The Board makes a number of key recommendations for Meta, articulating the need for more clarity and transparency around the platform’s DOI policy, enforcement of that policy, and the use of automated content moderation tools. The Opinion lays out steps for Meta to reverse the ban on the term “shaheed”, update internal guidance provided to moderation teams to make clear that the use of “shaheed” does not violate the company’s policy unless it is also accompanied by signals of violence and still may be important to keep up due to the use of the term in reporting, and to periodically audit the company’s DOI policies and channels. The Opinion also calls for greater transparency to users, which will enable them to know what is and is not permitted, to make more informed decisions about how to use the platform, and to assert their rights should they want to appeal a decision. The Board’s decision, however, is not binding or immediately enforced. Meta has three months to respond.

This decision is in line with the globally-developed Santa Clara Principles, which have long called on companies to take cultural and linguistic context into consideration when developing and enforcing content moderation policies. Comments submitted by over 100 organizations and individuals, including many Arabic-language experts, as part of the development of this Policy Advisory Opinion make clear that there is no direct correlation between all uses of the term “shaheed” and real-world harm. The findings lay bare the company’s incomplete understanding of the ways in which the Arabic-speaking community uses the term. This Opinion will serve as an important milestone if its effect is used to spur greater engagement with language speakers and experts around the world.

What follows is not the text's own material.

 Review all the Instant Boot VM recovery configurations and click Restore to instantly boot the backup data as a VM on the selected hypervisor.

The Opinion lays out steps for the company to explain how classifiers and automated tools generate predictions of policy violations and asks the company to assess its classifiers. Such tools are likely to have more shortcomings in languages other than English, particularly in low-resource languages. Low-resource languages are those languages that have fewer high-quality digitized examples of text to train and evaluate models. While Arabic is a medium-resourced language, some dialects of the polyglossic language such as the Arabic spoken in the Maghreb are considered lower-resourced, a dialect we are studying as part of a CDT research project on content moderation systems in the Global South.

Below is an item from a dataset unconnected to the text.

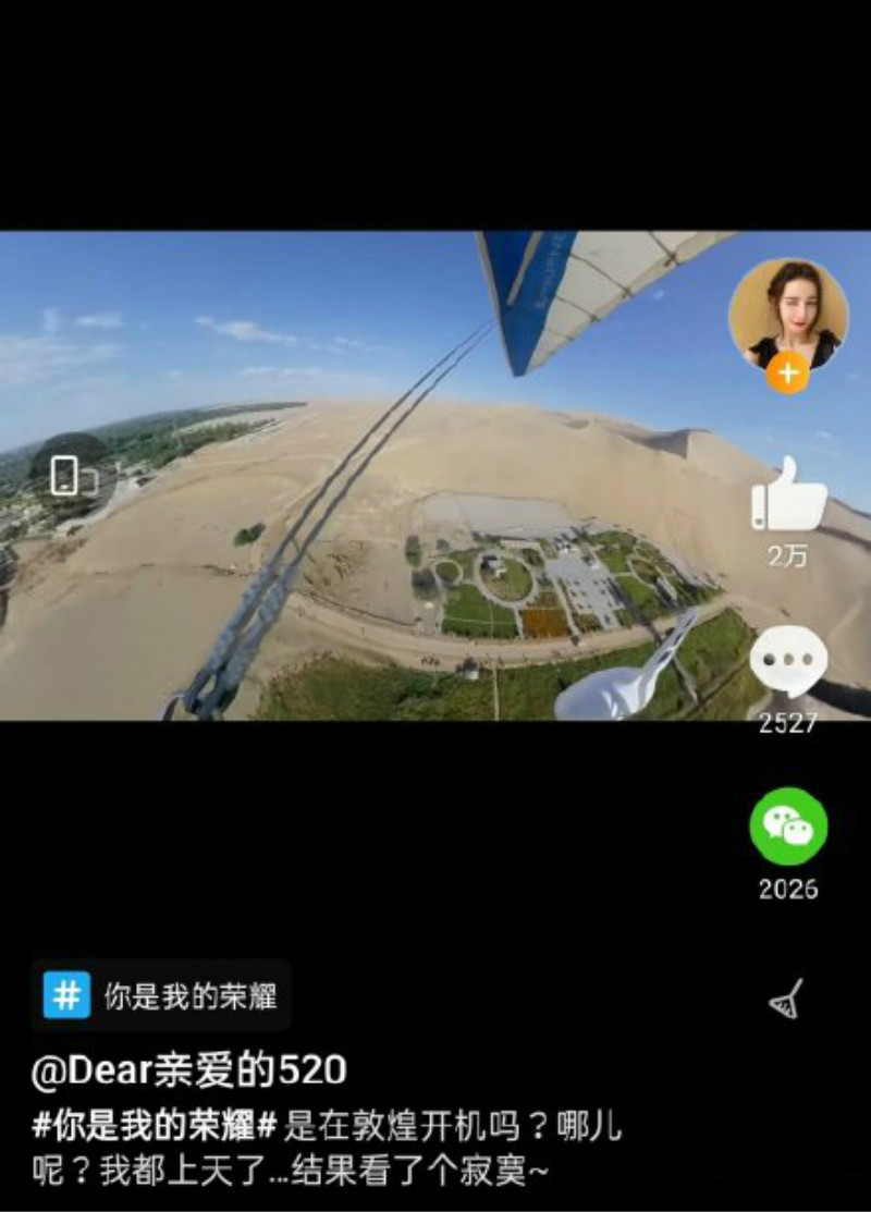 哈哈哈哈哈哈哈哈!果然玩還是正主會玩啊!表示網傳楊洋、迪麗熱巴主演的《你是我的榮耀》20號已經在中國敦煌開機!正式官宣!楊洋!迪麗熱巴!《你是我的榮耀》真的來啦!!航空設計師的電競大神遇上當紅女星!

Academics have also argued that the Arabic training data used to train automated systems is not representative of how Arabic speakers use the language. For example, if Arabic language training data is machine translated or only depicts the use of the term “shaheed” in contexts of violence, then the model will develop an incomplete understanding of a word used in expansive and multifaceted ways. That, in turn, will lead to Arabic speakers being routinely and disproportionately subject to inconsistent moderation.

Further, without adequate benchmarks across languages, we will never know whether these automated content moderation tools work equitably. Currently, large tech companies tout the performance of their multilingual tools yet disclose in fine print that they are tested on entirely American English prompts or machine-translated ones. (Meta’s XLM-R, for example, is a model the company claims can moderate content in more than 160 languages, but the model is only tested on English and machine-translated benchmarks in a handful of languages.) Both of these are inadequate proxies for gauging multilingual capability especially in context-specific tasks such as content moderation.

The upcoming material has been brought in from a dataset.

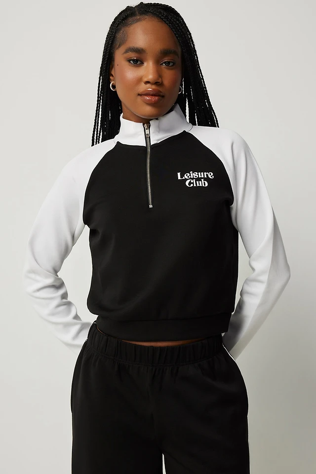 Ardene Scuba Fabric 1/4 Zip Sweatshirt in Black | Size | Polyester/Rayon/Spandex

CDT has called on companies to invest in digitizing low resource languages, to create evaluation benchmarks for languages other than English, and to work with NLP communities that are experts in language and cultural contexts to do so. Future research and guidance offered by the Board should look into how and whether Meta is taking these steps, including in Arabic across dialects. The Advisory Opinion should also be a call to others in the ecosystem to promote a virtuous cycle of investment in curating datasets of low resource languages, training language models, and building tools.